Diğer bir ganede eskiden Camcı Şakir’in dükkânının yanında bulunmakta,
yani Çarşı Camii’nin batı kısmına idi. Bugünkü Güneşli Camii’nin kuzey doğusuna
ve eski Sefa Market’in (şimdi Çarşı Market’in) karşısına düşen GÖKSOKU
Camii’nin önünde bir gane mevcuttu. Ceyhan mahallesinde Münir Baskı’nın evinin
havlusunda bir gane vardı. (şu an bu evin yerinde büyük bir mobilya mağazası
vardır) Ayrıca ÜMMET(HİMMET) BABA Camii ’sinin yanında da bir gane
bulunmakta idi, buna da cami ganesi denilirdi.
Bu ganelerin hizmet verebilmesi için yaz – kış bakımları çok önemli idi.

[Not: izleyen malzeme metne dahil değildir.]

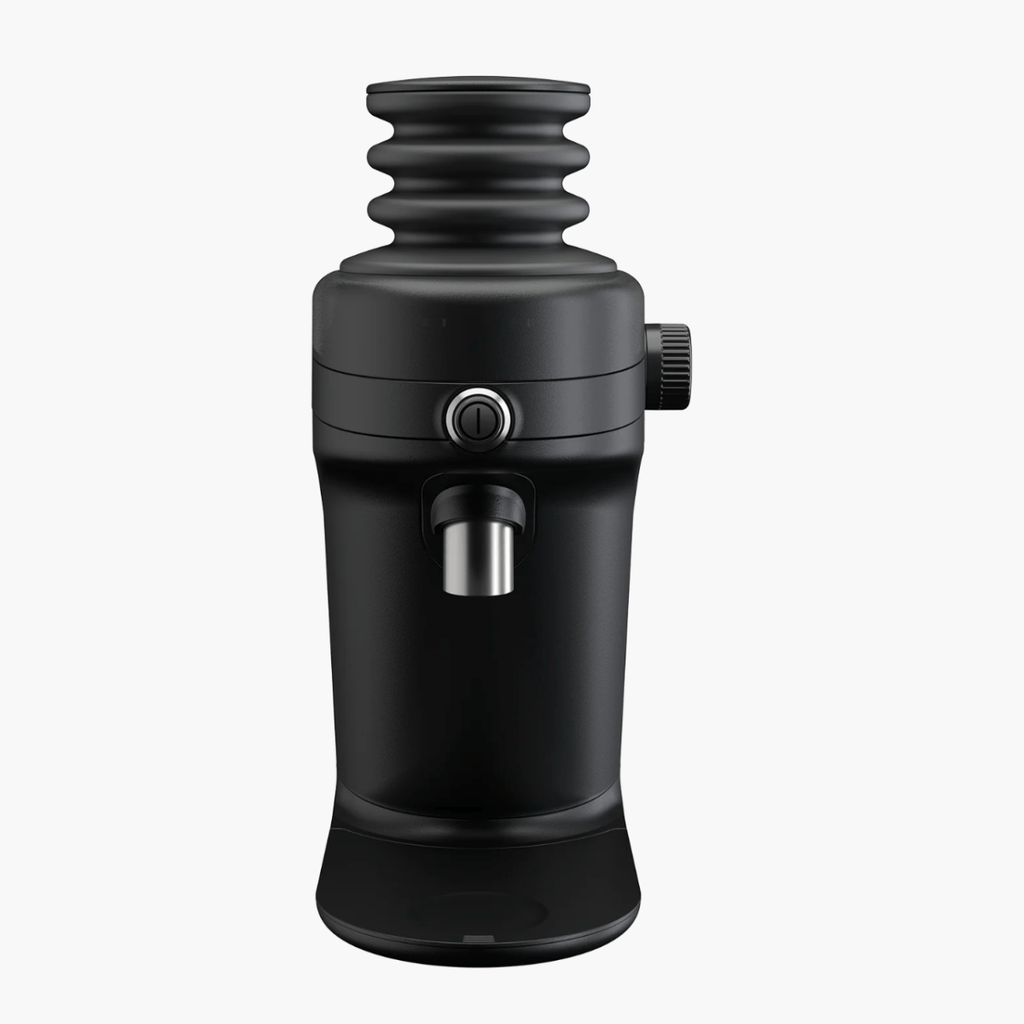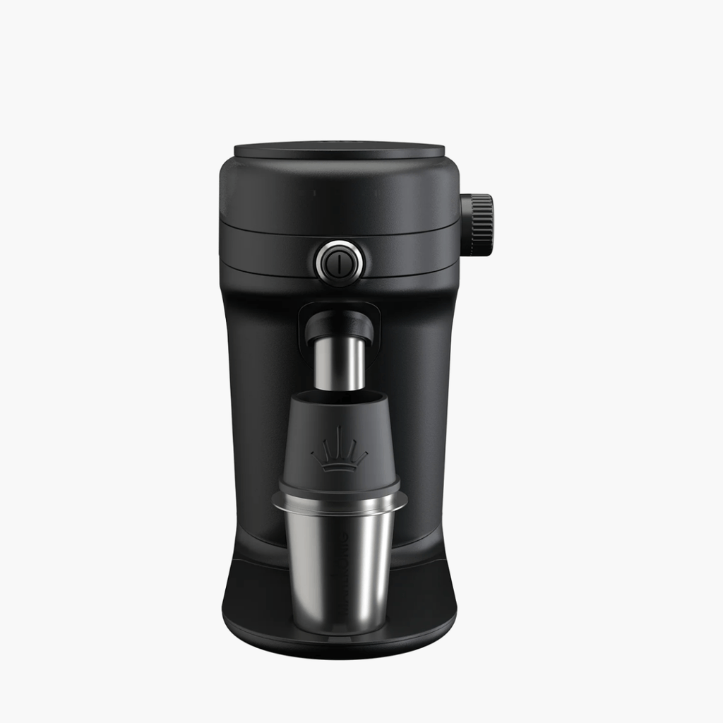 The grinder also includes multiple hopper options: a 34 g anti-popcorning top, a 105 g extension for larger quantities, and a bellow to clear out remaining grounds. A stainless steel dosing cup and anti-static funnel come standard, creating a smooth and professional workflow at home.

Onun içindir ki ciddi şekilde parasal kaynaklar gerekliydi. Yöre yöneticileri
memleketin can damarı olan bu konuyu akıl dolu bir şekilde çözmüşler. Bu ganelerin
bakım ve onarımla ilgili bir vakıf kurarak, bu konuya köklü çözüm getirmişlerdir.
Bu ganelerin bakım masraflarını karşılamak için, Belediyenin Halk Ekmek
Fabrikası’nın yeri ve çevresinde yedi adet su değirmeni bulunmakta idi (bunlara
Köprübaşı’nın Su Değirmenleri denir. Ceyhan Nehri’nin büyük bir bölümü bu
değirmenlerin altından geçmekteydi. Güzelliğini burada ki sözcükler anlatmaya
yetmez. Daha sonra ki yıllarda şehir merkezine gelen büyük bir sel tarafından
sürüklenerek Ceyhan Nehri’ne karışmışlardır.).
Bu değirmenlerinin kazancı ganelerin ve pöhreklerin bakımına finansman
edilmiştir. Bunlardan başka fırın, leblebici dükkânı ve köşkerler ve demirciler
çarşısında 27 adet dükkânın kira gelirleri de bu oluşturulan vâkıfa devredilmiştir.
Böylece su şebekesinin bakım hizmetini eksizsiz bir şekilde sağlanmış olunuyordu.
Bu su şebekesi Elbistan ‘ın yıllarca su ihtiyacına cevap vermiştir. Günümüzde
de izlerine az da olsa rastlamak mümkündür.